╔══

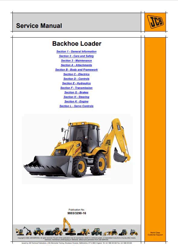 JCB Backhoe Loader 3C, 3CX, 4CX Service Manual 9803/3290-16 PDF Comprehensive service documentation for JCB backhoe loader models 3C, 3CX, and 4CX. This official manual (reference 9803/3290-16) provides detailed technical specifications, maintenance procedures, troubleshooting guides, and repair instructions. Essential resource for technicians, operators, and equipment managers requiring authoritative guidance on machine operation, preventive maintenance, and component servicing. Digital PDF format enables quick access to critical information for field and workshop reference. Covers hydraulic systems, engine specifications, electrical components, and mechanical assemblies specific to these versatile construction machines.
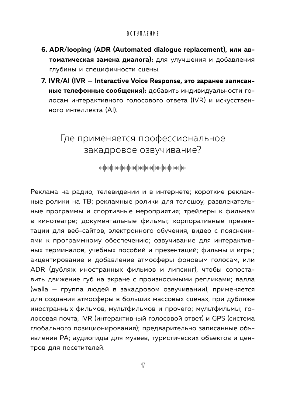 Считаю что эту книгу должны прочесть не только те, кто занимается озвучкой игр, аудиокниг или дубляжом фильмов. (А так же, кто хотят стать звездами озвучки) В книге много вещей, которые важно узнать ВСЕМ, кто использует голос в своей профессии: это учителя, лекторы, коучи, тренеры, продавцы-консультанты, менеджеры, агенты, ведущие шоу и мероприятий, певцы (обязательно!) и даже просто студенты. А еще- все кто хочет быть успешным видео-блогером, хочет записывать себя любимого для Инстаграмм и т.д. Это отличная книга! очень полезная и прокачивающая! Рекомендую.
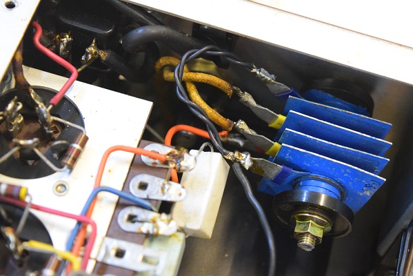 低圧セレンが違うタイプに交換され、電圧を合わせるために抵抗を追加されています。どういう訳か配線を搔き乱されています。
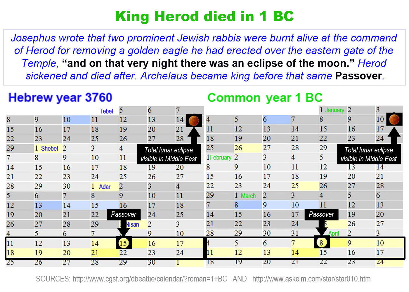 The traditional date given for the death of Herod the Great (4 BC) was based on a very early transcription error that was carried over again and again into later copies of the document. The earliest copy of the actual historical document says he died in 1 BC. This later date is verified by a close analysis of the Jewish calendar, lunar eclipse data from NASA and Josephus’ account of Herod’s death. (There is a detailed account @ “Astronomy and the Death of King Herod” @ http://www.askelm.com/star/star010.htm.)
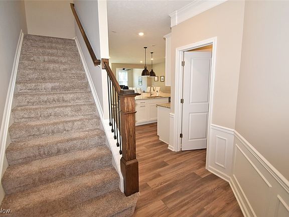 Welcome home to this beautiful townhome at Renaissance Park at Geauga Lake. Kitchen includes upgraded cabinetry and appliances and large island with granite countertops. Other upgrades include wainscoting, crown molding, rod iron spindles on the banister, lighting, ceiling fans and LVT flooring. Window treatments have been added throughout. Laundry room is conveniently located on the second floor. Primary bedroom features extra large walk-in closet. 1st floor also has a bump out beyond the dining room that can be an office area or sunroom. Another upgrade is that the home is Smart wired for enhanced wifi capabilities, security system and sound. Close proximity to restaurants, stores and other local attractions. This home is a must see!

╚══
╔══

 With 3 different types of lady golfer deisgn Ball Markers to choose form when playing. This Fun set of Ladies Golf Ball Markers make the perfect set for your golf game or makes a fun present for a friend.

╚══

▶ [WHAT YOU HAVE TO DO]
Your answer must be the exact lines from the records above, from the one containing "低圧セレンが違うタイプに交換" through the one containing "The traditional date", both included, with every picture left out.

▶ [ANSWER FOR THE TASK]
 低圧セレンが違うタイプに交換され、電圧を合わせるために抵抗を追加されています。どういう訳か配線を搔き乱されています。
 The traditional date given for the death of Herod the Great (4 BC) was based on a very early transcription error that was carried over again and again into later copies of the document. The earliest copy of the actual historical document says he died in 1 BC. This later date is verified by a close analysis of the Jewish calendar, lunar eclipse data from NASA and Josephus’ account of Herod’s death. (There is a detailed account @ “Astronomy and the Death of King Herod” @ http://www.askelm.com/star/star010.htm.)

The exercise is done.